Imagine a world where the FAA's Steve Dickson's EA (he hasn't been replaced yet) gets a call that one or more ARTCCs are down until we pay a gigabuck in bitcoin to some obscure cyber terrorists.
How long can we leave planes grounded in this country before it "leaves a mark?"

Unfortunately most of the people who still have POTS are the elderly.....and some of these are more vulnerable to this exploit.
It's not as profitable as stinging a medium sized city or company, but it happens all too often.
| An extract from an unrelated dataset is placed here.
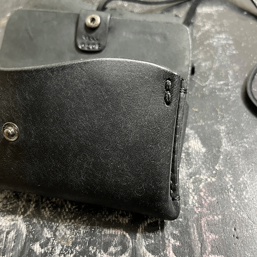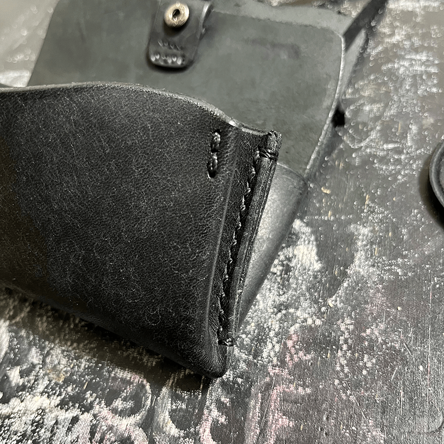 財布のフォルムを崩さないように、縫い目が邪魔にならないように、そんなことをイメージしながらギュ〜っと縫います!
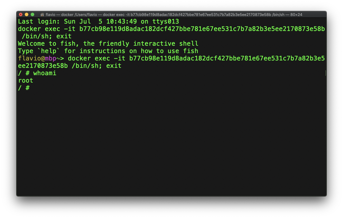 Try pressing the CLI button. A new terminal window will open and you will automatically be connected to the Docker Container, as the root user:

The Balkans used to be more or less the center of gravity for non-national digital cyber crime but now places like Brazil....Taiwan... and the Turkeys are getting into the game.
India (stereotypically) used to be THE player in the call center scams.....and one wonders how COVID is affecting this.
If the pattern holds this sort of crime will probably spread out as well, but unlike digital exploits it will probably decrease over time as people continue to abandon fixed telephony.

 

An interesting piece by Malwarebytes on the Darkside malware that attacked Colonial Pipeline and how running a simple inexpensive anti virus could have prevented Colonial Pipeline from having to extort $5,000,000 from their American Customers and avoided the pipeline shutdown and the associated mess that came with it.

Threat spotlight: DarkSide, the ransomware used in the Colonial Pipeline attack - Malwarebytes Labs | Malwarebytes Labs

"Yesterday, the FBI and the US Cybersecurity and Infrastructure Security Agency (CISA) issued a joint cybersecurity advisory (CSA) against DarkSide ransomware. It contains detailed mitigation steps that business should follow to reduce the risk of successful ransomware attacks overall. These include simple steps, such as:

• Using multi-factor authentication (MFA) to access networks remotely
• Enabling stronger spam filters
• Updating software to their latest versions
• Regularly scanning systems using a good antivirus product, and
• Limiting access to resources over networks"

Organizations of all sectors should take heed of these best practices. Because before the publication of this article, DarkSide appears to have netted another victim."